Réalisé par Alejandro Gonzalez Inarritu, avec : Leonardo DiCaprio, Tom Hardy, Will Poulter, Domhnall Gleeson

Dans une Amérique profondément sauvage, Hugh Glass, un trappeur, est attaqué par un ours et grièvement blessé. Abandonné par ses équipiers, il est laissé pour mort. Mais Glass refuse de mourir. Seul, armé de sa volonté et porté par l’amour qu’il voue à sa femme et à leur fils, Glass entreprend un voyage de plus de 300 km dans un environnement hostile, sur la piste de l’homme qui l’a trahi. Sa soif de vengeance va se transformer en une lutte héroïque pour braver tous les obstacles, revenir chez lui et trouver la rédemption.

 

the-revenant-affiche

 

Inarritu réalise ici son sixième long métrage. Accompagné du directeur en photographie Emmanuel Lubezeki, ensemble ils ont réalisé un chef d’oeuvre.

Une lumière naturelle, de magnifiques plans de la nature, des plans séquences juste incroyables et des caméras placées au plus près des personnages, voici la recette d’un long métrage réussi.

On ajoute à ces ingrédients, la performance incroyable d’un acteur, Leonardo DiCaprio sans oublier certains autres protagonistes comme Tom Hardy et Will Poulter.

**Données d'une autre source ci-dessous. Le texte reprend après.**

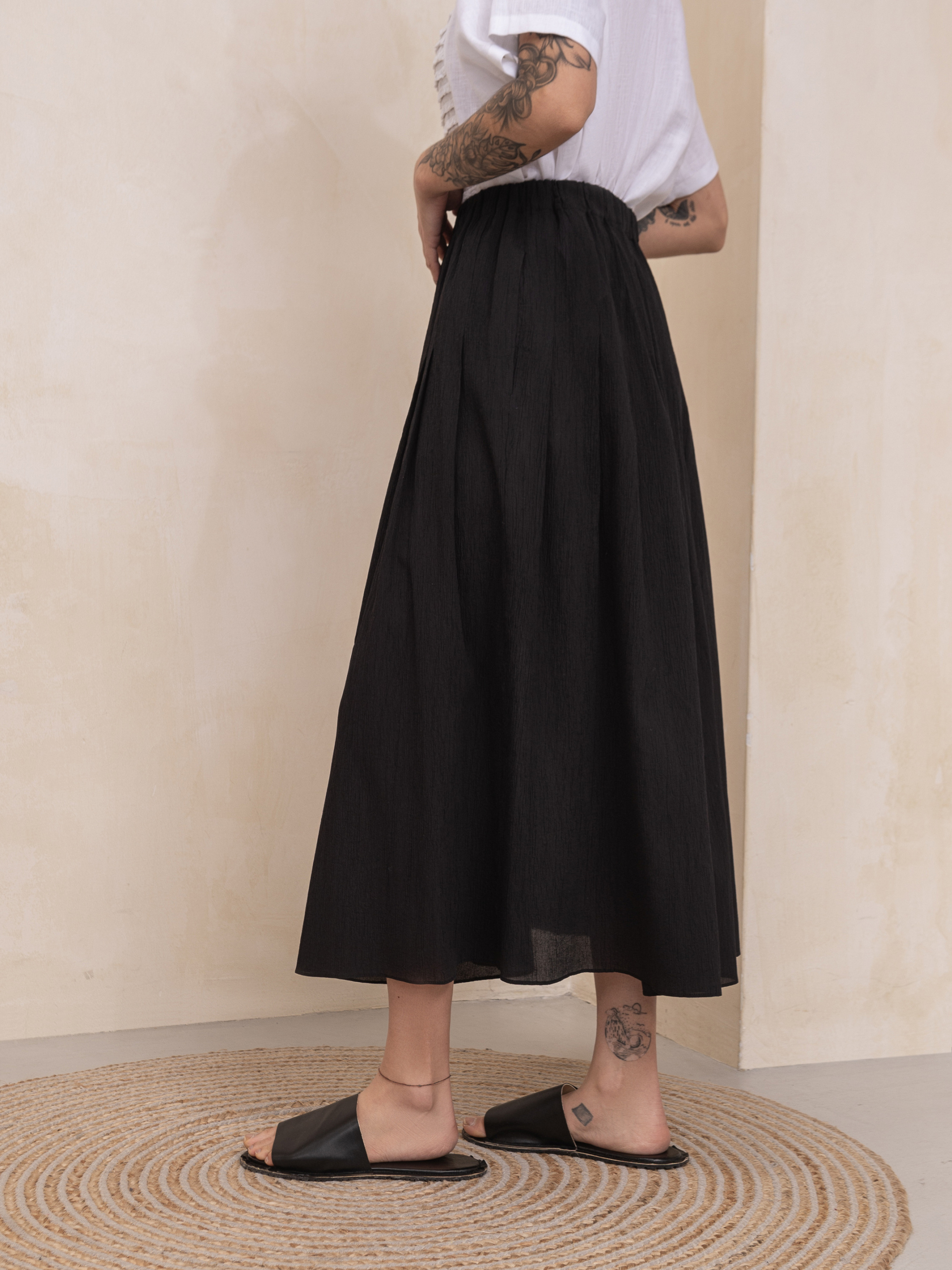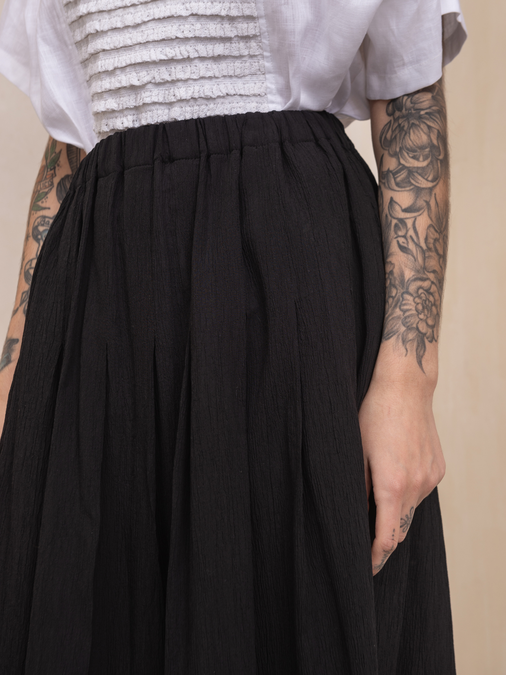 Ця чорна максі-спідниця Matteau виготовлена з органічних тканин з жатою обробкою і призбореною еластичною талією, що спадає до А-силуету на подолі. Завищена талія, бокові кишені, об'ємний силует. Деталізована застроченими від талії складками. Віскоза 65%, бавовна 35% НК 1 (XS-S-M): Талія 64cm, Талія розтягнута 90cм, Стегна 115cm, Довжина 88cм НК 2 (L-XL-XXL): Талія 70cm, Талія розтягнута 105cm, Стегна 128cm, Довжина 88cm

On saupoudre d’effets spéciaux réussis et c’est prêt!

 

Des plans séquences qui viennent nous mettre d’emblée au coeur d’un combat, un moment magnifique qui n’a rien à envier à la 3D. Et ce sentiment, d’être embarqué dans l’histoire de ce film, ne fait que s’amplifier au fur et à mesure que l’heure tourne. En tant que spectateur, on est tenu en haleine, on ne fait plus que suivre les péripéties du héros mais on l’accompagne dans ses actions. Cela est rendu possible grâce à une lumière naturelle qui joue même avec la réflexion du soleil sur la caméra. La respiration de Hugh Glass qui embue la caméra. Cette recherche de réalisme ne fait qu’accroitre la sensation du spectateur de prendre part au film. Le réalisateur peut remercier son directeur de la photographie Emmanuel Lubezeki, sans qui le film n’aurait pas été un chef d’oeuvre. Il a travaillé notamment avec Terence Malick et Alfonso Cuàron. On notera que dans The Revenant, il n’y a pratiquement aucune lumière artificielle.

 

Outre l’esthétisme de ce film, on remarquera également la performance de ces acteurs. Leonardo DiCaprio qui joue le rôle de Hugh Glass, un père de famille qui voue un amour inconditionnel à sa femme et son fils. Il subit dès les premières scènes les pires atrocités. La performance qu’on retiendra est celle de l’acteur, tournant dans des conditions climatiques éprouvantes pour le corps et l’esprit. On retrouve également Tom Hardy qui joue le rôle de John Fitzgerald, un trappeur à priori sans empathie pour le personnage de Leonardo DiCaprio. Même si Tom Hardy dans ce film, ne récolte pas forcément la sympathie du spectateur, il incarne ce personnage de telle sorte qu’on ne le reconnait même pas jusqu’à l’arrivée du générique de fin!

 

Hugh Glass et John Fitzgerald

Hugh Glass et John Fitzgerald

 

Une pointe d’onirisme vient également assaisonner ce film, sans oublier la beauté de Mère Nature. Certains plans contenant des arbres, filmés en contre plongée viennent rythmés le film. Une métaphore sur l’arbre et la façon dont on se place pour l’observer accompagne ces séquences.

Le spectateur n’est pas épargné par cette atmosphère bestiale qui règne tout le long du film. Pour ma part, j’en suis ressortie épuisée et transpirante. Ma vision sur l’humain ayant totalement basculée puisque je m’étais rendue compte qu’il était capable d’être encore plus bestial qu’un animal lorsque ses conditions de survie étaient menacées. Que serions nous capable de faire pour survivre? Jusqu’où serions nous capable d’aller ?

Le seul bémol reste la fin du film : trop longue, sans suspense, sans effets et sans beauté.

 

Dans tous les cas, ce film est un chef d’oeuvre, par ses images mais aussi par la performance des acteurs et pour le ressenti qu’il amène aux spectateur. Bien plus qu’un film, ce fut une expérience pour le spectateur!